▶ What you need to do:
All of the records should be reproduced word for word, but no images may appear in the copy.

++++ Exercise material

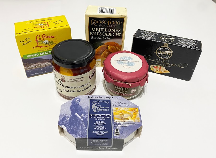 Decidimos pedir varias conservas gourmet como este paté de boletus, pimientos cherry rellenos de queso, ventresca de bonito del Norte, bonito en aceite de oliva, berberechos de las rías gallegas al natural y mejillones en escabeche.
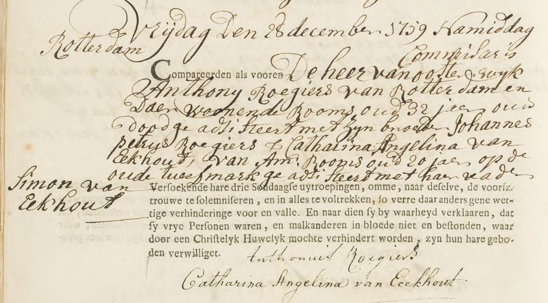 Dus het cabaret is zeer waarschijnlijk een huwelijksgeschenk geweest voor Catharina Angelina van Eeckhout met Anrhonij Roegiers in januari 1760. Ondertrouw acte zie foto.
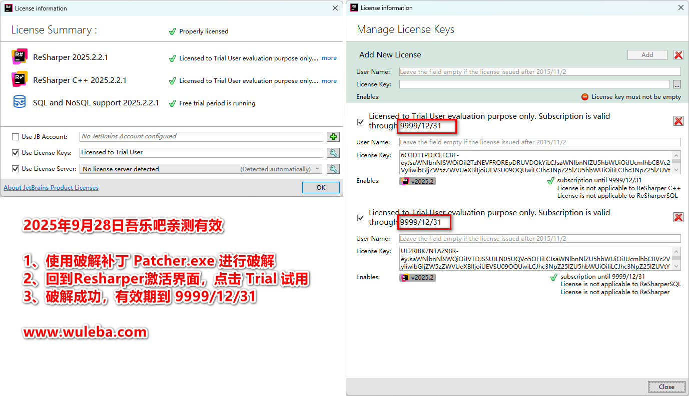 本破解补丁适用于dotUltimate(原名为Resharper Ultimate)2025.x~2022.x版本。
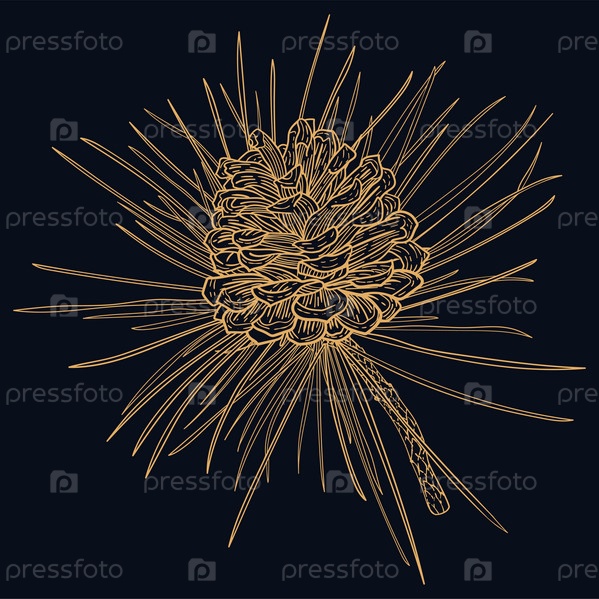 Винтажная линия искусства еловая ветка с золотым конусом
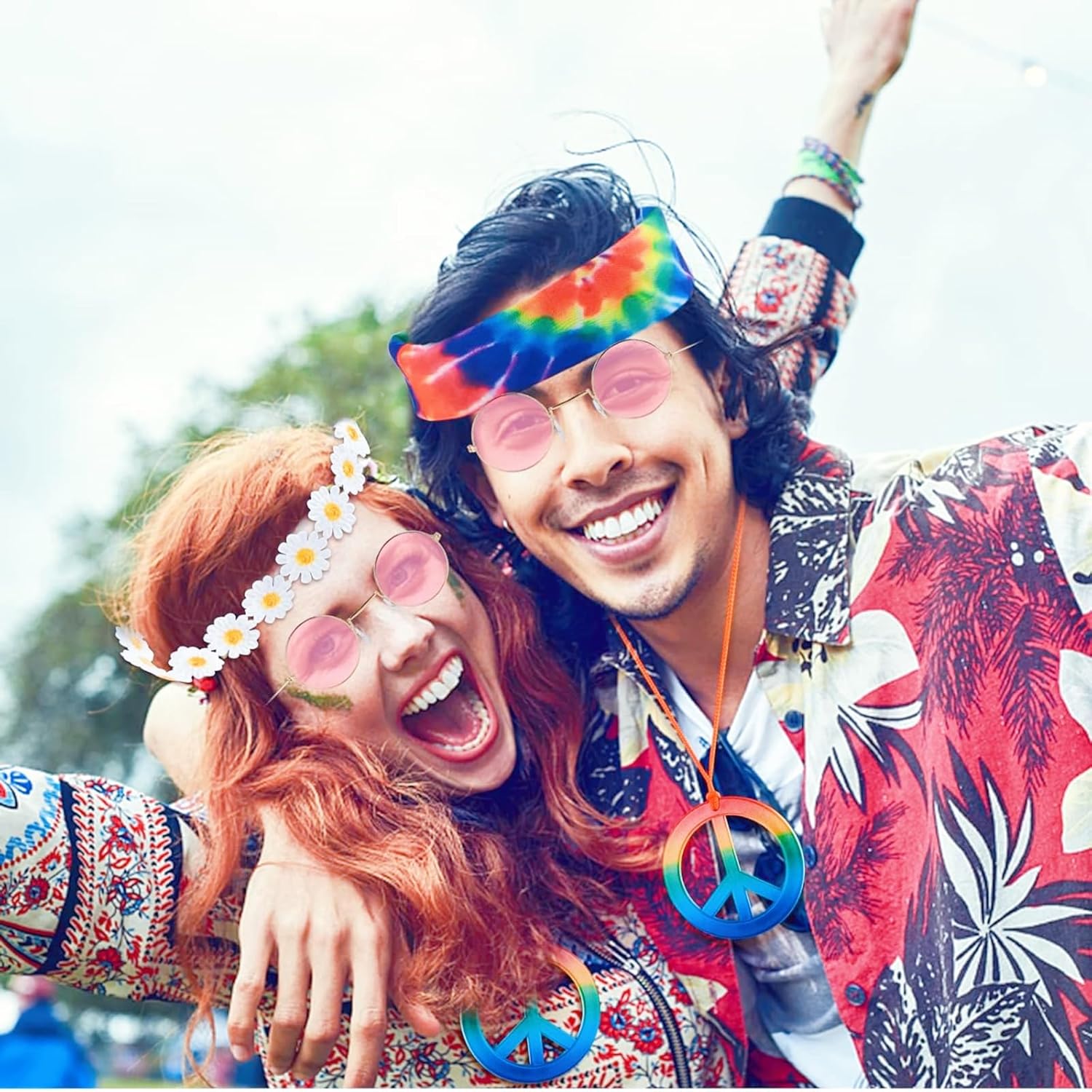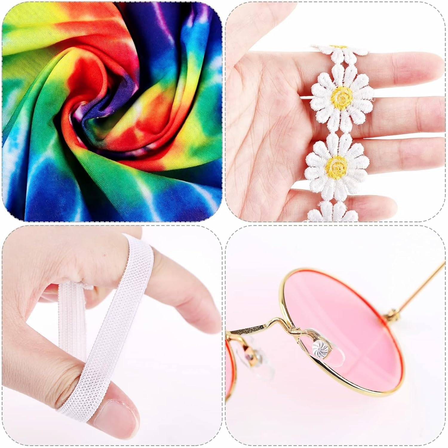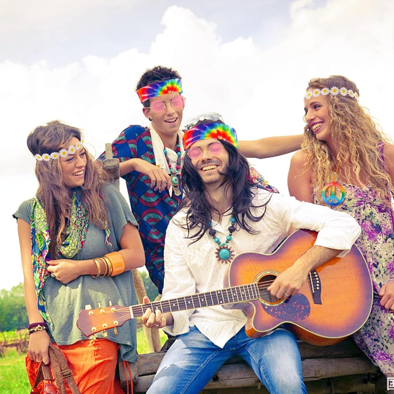 Vivi l'esperienza di un completo ritorno agli anni '60 e '70 con il nostro set di abiti e accessori hippie. Il kit include occhiali da sole retrò, una corona di girasoli, una fascia per capelli tie-dye, una collana e orecchini con simbolo di pace. Questi accessori portano un tocco di stile e colore al tuo look, permettendoti di esprimere il tuo stile unico in qualsiasi occasione. Che si tratti di una festa a tema, un evento estivo o semplicemente per la tua giornata quotidiana, i nostri accessori hippie aggiungeranno un tocco di originalità e divertimento al tuo look. Il fascino e il comfort del nostro set ti faranno rivivere l'epoca hippie in grande stile!

++++++++

▶ Problem solution:
 Decidimos pedir varias conservas gourmet como este paté de boletus, pimientos cherry rellenos de queso, ventresca de bonito del Norte, bonito en aceite de oliva, berberechos de las rías gallegas al natural y mejillones en escabeche.
 Dus het cabaret is zeer waarschijnlijk een huwelijksgeschenk geweest voor Catharina Angelina van Eeckhout met Anrhonij Roegiers in januari 1760. Ondertrouw acte zie foto.
 本破解补丁适用于dotUltimate(原名为Resharper Ultimate)2025.x~2022.x版本。
 Винтажная линия искусства еловая ветка с золотым конусом
 Vivi l'esperienza di un completo ritorno agli anni '60 e '70 con il nostro set di abiti e accessori hippie. Il kit include occhiali da sole retrò, una corona di girasoli, una fascia per capelli tie-dye, una collana e orecchini con simbolo di pace. Questi accessori portano un tocco di stile e colore al tuo look, permettendoti di esprimere il tuo stile unico in qualsiasi occasione. Che si tratti di una festa a tema, un evento estivo o semplicemente per la tua giornata quotidiana, i nostri accessori hippie aggiungeranno un tocco di originalità e divertimento al tuo look. Il fascino e il comfort del nostro set ti faranno rivivere l'epoca hippie in grande stile!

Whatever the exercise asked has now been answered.